# Spatchcock Chicken



## LarryWolfe (May 22, 2007)

Gotta 6lb oven roaster, seasoned with season all and cooked indirect at 400* on the Primo for 1 hour.  Turned out fabulous, crispy skin and the meat was very moist.  Had a little Bush's and Suddenly Salad!  Oh yeah, notice the the Black Mustard Slather too, great on chicken!


----------



## Bruce B (May 22, 2007)

Good looking bird there Larry!!!


----------



## Griff (May 22, 2007)

Looks good Larry. I think the ceramics do a great job on yard birds.


----------



## Diva Q (May 22, 2007)

That looks mighty fine.


----------



## LarryWolfe (May 23, 2007)

Griff said:
			
		

> Looks good Larry. I think the ceramics do a great job on yard birds.

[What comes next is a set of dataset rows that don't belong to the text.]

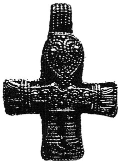
Den äldsta Kristusbilden i Sverige från 900-talets Birka. Halssmycke 3,4 cm högt funnet i en kvinnograv

Därför kan man med rätta säga att kristendomen firar tusenårsjubileum i Sverige. Det var först omkring år 1000 missionsförsöken återupptogs. Denna gång från två håll, Hamburg-Bremen och England. Till en början dominerade den engelska missionen. Vikingarna hade haft goda kontakter
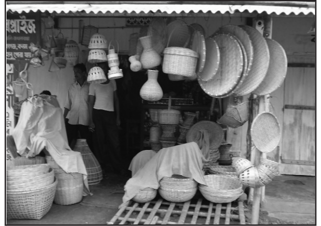
شکل 6.3 : آسام میں کثیر صنعتوں کی مصنوعات بازار میں برائے فروخت

چھوٹے پیمانے کی صنعتیں گھریلو صنعتوں سے اپنی پیداوار تکنیکی اور بنانے کی جگہ (گھر/ پیداواری رہائش سے باہر ورکشاپ) کے اعتبار سے ممتاز ہوتی ہیں۔ اس قسم کی صنعتوں میں مقامی کچے مال، توانائی سے چلنے والی معمولی مشینیں اور نیم ماہر کاریگروں کا استعمال کیا جاتا ہے۔ یہ صنعتیں روزگار مہیا کرتی ہیں اور مقامی قوت خرید کو بڑھاتی ہیں۔ اس لیے ہندوستان، چین، انڈونیشیا اور برازیل وغیرہ جیسے ممالک نے مزدوروں پر منحصر چھوٹے پیمانے کی صنعتوں کو فروغ دیا ہے تاکہ اپنی آبادی کو ملازمت فراہم کر سکیں۔
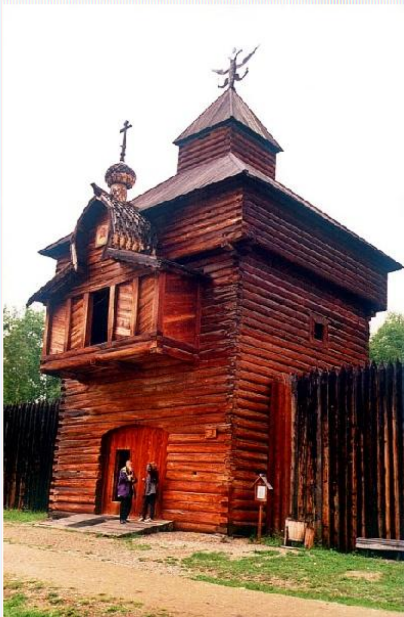
Спасская проезжая башня
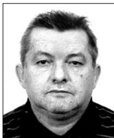
KATONA Szilvesztertől (1954–2012)

„Van egy szó, van egy hang, nem hallom rég, akárhogy keresem, megfakult kép. Csak egy perc, csak egy szép fáradt álom. Van egy szó, van egy hang, nem találom.”
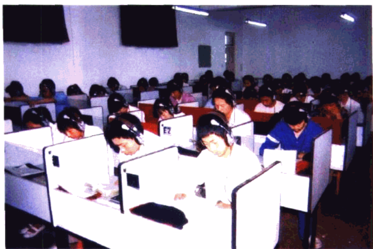
河北正定中学语音室
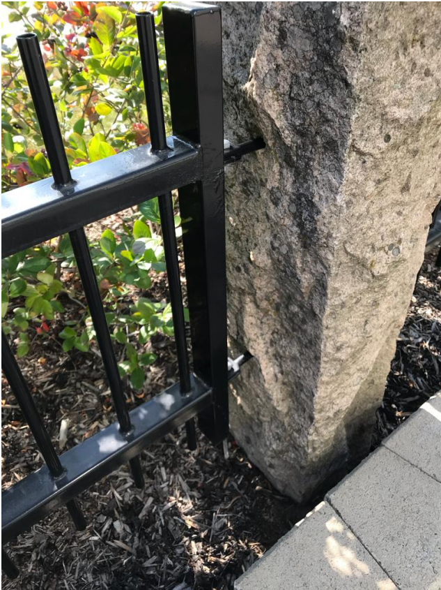
Kuva 2 (alkuperäinen aita)
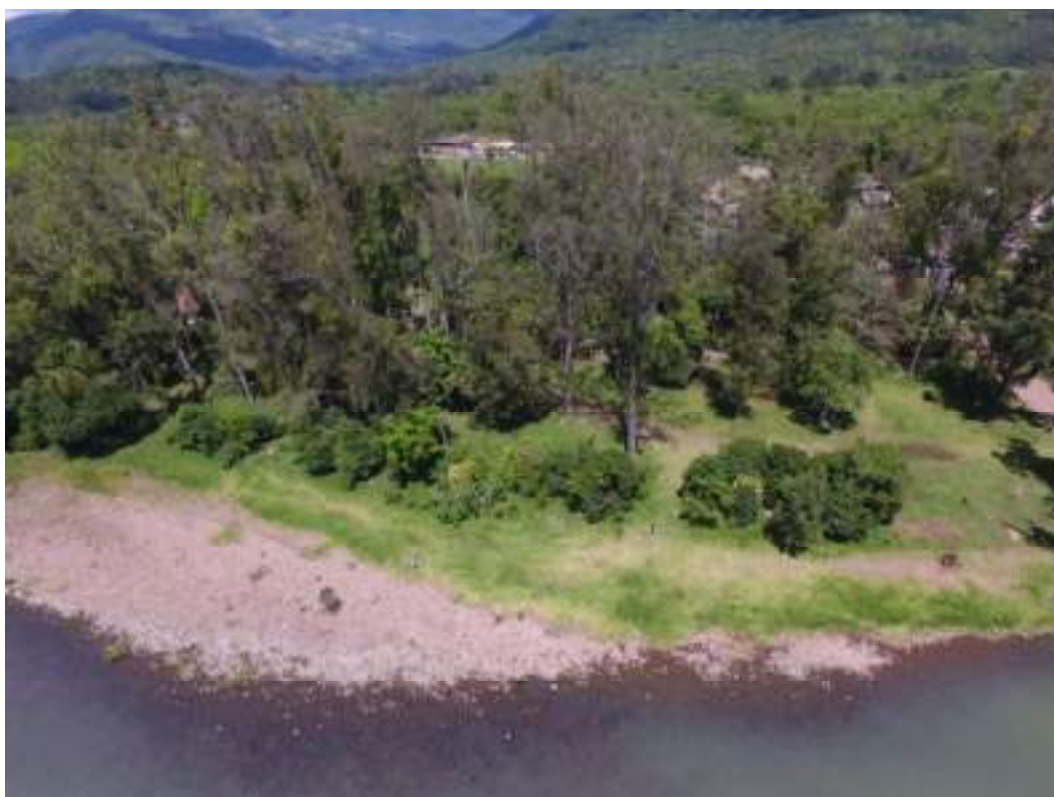
Fig. 9: Imagem aérea da margem mais à montante do Rio Maquiné, espaço destinado ao uso recreativo. 25/10/2022

Em termos do restabelecimento do ecossistema florestal observam-se aspectos importantes, como a presença de fauna e presença de regeneração natural (fig. 9-13).
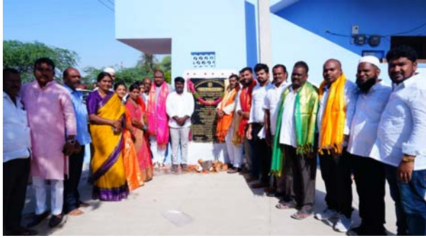
-పలు అభివృద్ధి పనులకు శంకు స్థాపనలు చేసిన
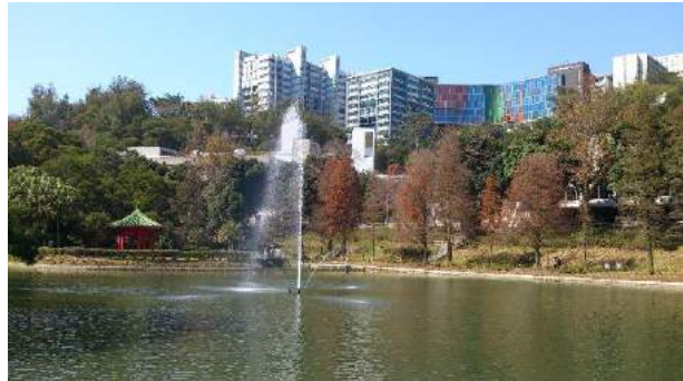
Vorne der Lake Ad Excellentiam , hinten die vorderen Gebäude des Main Campus

Der ungewöhnliche Campus der CUHK ist wohl so etwas wie ein Markenzeichen dieser Universität: Ungewöhnlich deshalb, weil die ganze Universität einfach auf einen Berg gebaut wurde. Am südlichen Fuße des Berges befindet sich die MTR-Station University . Betritt man hier den Campus, so trifft man zunächst auf eines der beiden Sportstadien sowie den Lake Ad Excellentiam , ein kleiner See, der in eine Parkanlage eingebettet wurde. Neben dem See, immer noch mehr oder weniger am Fuße des Berges, befindet sich der Yasumoto International Academic Park – ein relativ neues und gewaltiges Gebäude, in dem das OAL ebenso untergebracht ist, wie einige Hörsäle, Unterrichtsräume und ein Buchladen.
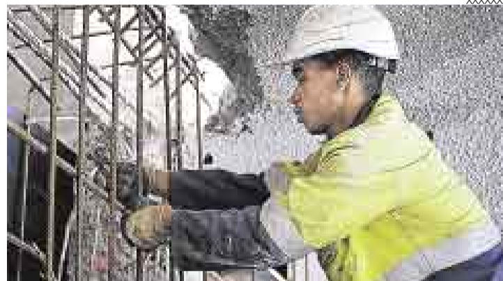
CONSTRUYENDO. En agosto, la construcción volvería a ser protagonista del crecimiento del PBI. Habría crecido 13,2%.
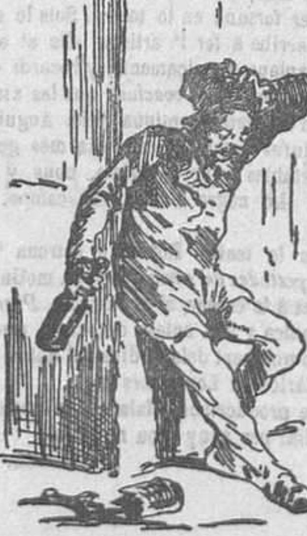
Caricato de gran chispa.
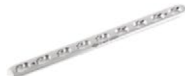
Placa Estrecha Bloqueada
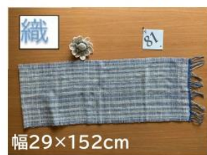
81 春～夏用の 手織りミニストール
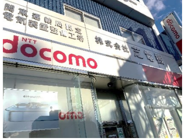
docomo ショップ 足立店様
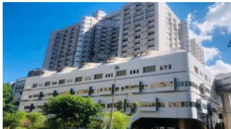
北榮智慧型手術大樓外觀
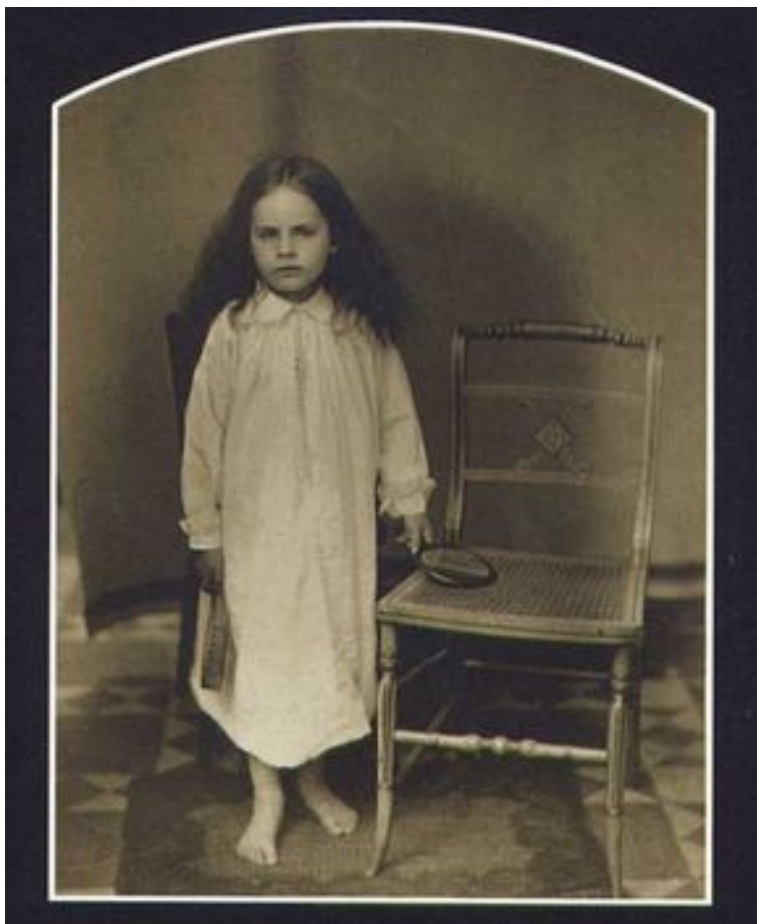
Charles Dodgson (Lewis Carroll)

¿Cómo se representaba a los niños en los estudios fotográficos de Gales y su vecina Inglaterra cuando partieron los inmigrantes? Predominaba la estética de los fotógrafos victorianos, entre ellos Charles Dodgson o, más conocido por su seudónimo, Lewis Carroll. El autor de Alicia en el país de las maravillas dejó que los niños fotografiados construyeran el tema de la foto a través de sus propios juegos y disfraces.

Griff you can say that again!  The ceramic has improved my chicken espeically the skin dramatically!


----------



## ScottyDaQ (May 23, 2007)

Way to go Larry Bird.


----------



## 007bond-jb (May 23, 2007)

Larry Wolfe said:
			
		

> Griff said:
> 
> 
> 
> ...


Do you get a crisper skin?.
Chickens taste like.......................Chicken


----------



## Captain Morgan (May 23, 2007)

Larry Wolfe said:
			
		

> Griff said:
> 
> 
> 
> ...



Why?  Higher temps?


----------



## LarryWolfe (May 23, 2007)

007bond-jb said:
			
		

> [quote="Larry Wolfe":1jvqyp61]
> 
> 
> 
> ...


Do you get a crisper skin?.
Chickens taste like.......................Chicken [/quote:1jvqyp61]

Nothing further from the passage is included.